Why 'Around the World Play' Month?

If you were familiar with Playgroup Queensland’s monthly themes you might have noticed that ‘Around the World Play’ is a new theme announced as part of the rebrand as Play Matters Australia.

Inspired by the success of our Play Your Way Around the World Playgroup in Rockhampton, September is dedicated to enhancing children’s appreciation of the different ways of knowing, seeing, and living. It also acts as a reminder for families to discuss cultural and ethnic diversity with children from a young age.

Diverse group of families at Mt Isa Playgroup

A study by the American Psychological Association found that most adults believed children should be school-aged before discussing ethnicity with them. However, research suggests that children are aware of racial differences and even have the capacity to hold racist beliefs long before they start school.

As newborns, infants demonstrate a preference for their mother’s face, over a stranger’s face. Within the first 3 months of life, babies learn to discriminate between faces from different ethnic groups, displaying a preference for their own group. This was demonstrated in a study where 3-month-old Caucasian babies spontaneously preferred Caucasian over other-race faces, measured by their visual attention to a series of photographs. Researchers suggest that this observation represents “the perceptual beginnings of categorization based on ethnic differences which may provide a basis for the other-race effect.”

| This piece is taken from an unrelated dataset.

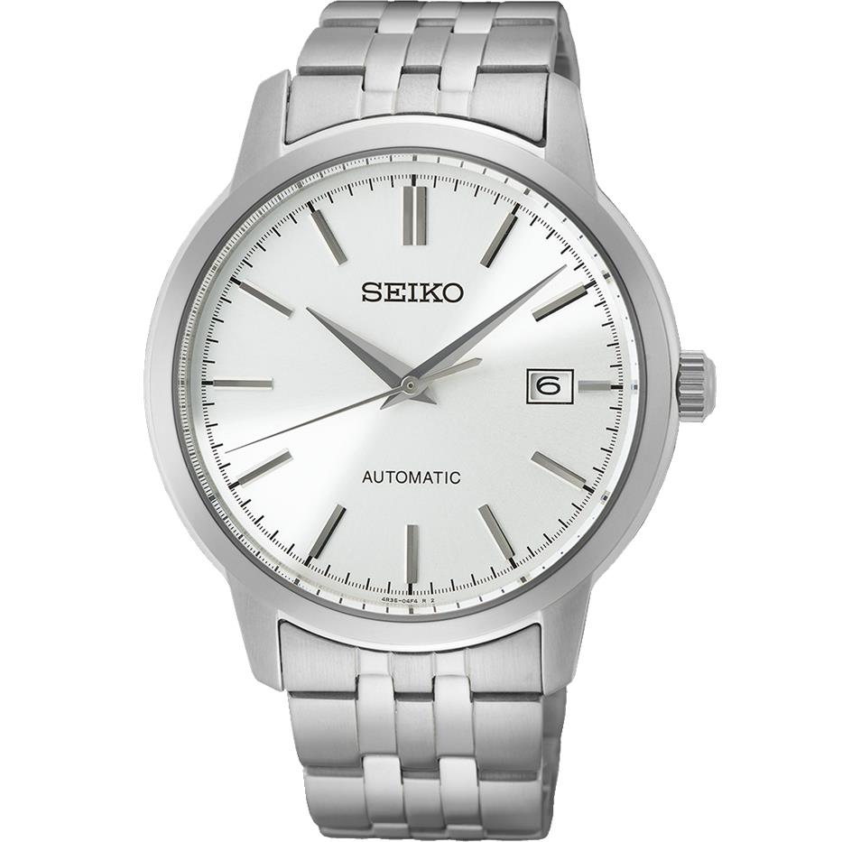 ساعت مچی مردانه سیکو seiko با طراحی کلاسیک بند استیل و قاب گرد استیل و صفحه نقره ای و قابلیت داشتن تقویم و موتور اتوماتیک ژاپنی با انرژی مکانیکی و مقاومت در برابر اب تا عمق 100 متر به همراه دو سال گارانتی بین المللی

The other-race effect is a common limitation whereby people are better at distinguishing between faces of their own race, compared to those of other races which they often believe “all look the same”. Interestingly, recent research has found that while this bias appears early in life, it can also be prevented by regular interaction with people of other ethnicities within a child’s first year of life, or reduced later in life using the same method.

Culturally diverse children playing together

What is Cultural Competency?

The Early Years Learning Framework (EYLF) recognises cultural competency as:

  • Being aware of one’s own world
  • Developing positive attitudes towards cultural differences
  • Gaining knowledge of different cultural practices and world views
  • Developing skills for communication and interaction across cultures

Around the World Play Month aims to support parents, carers, and educators to promote cultural competency in their children.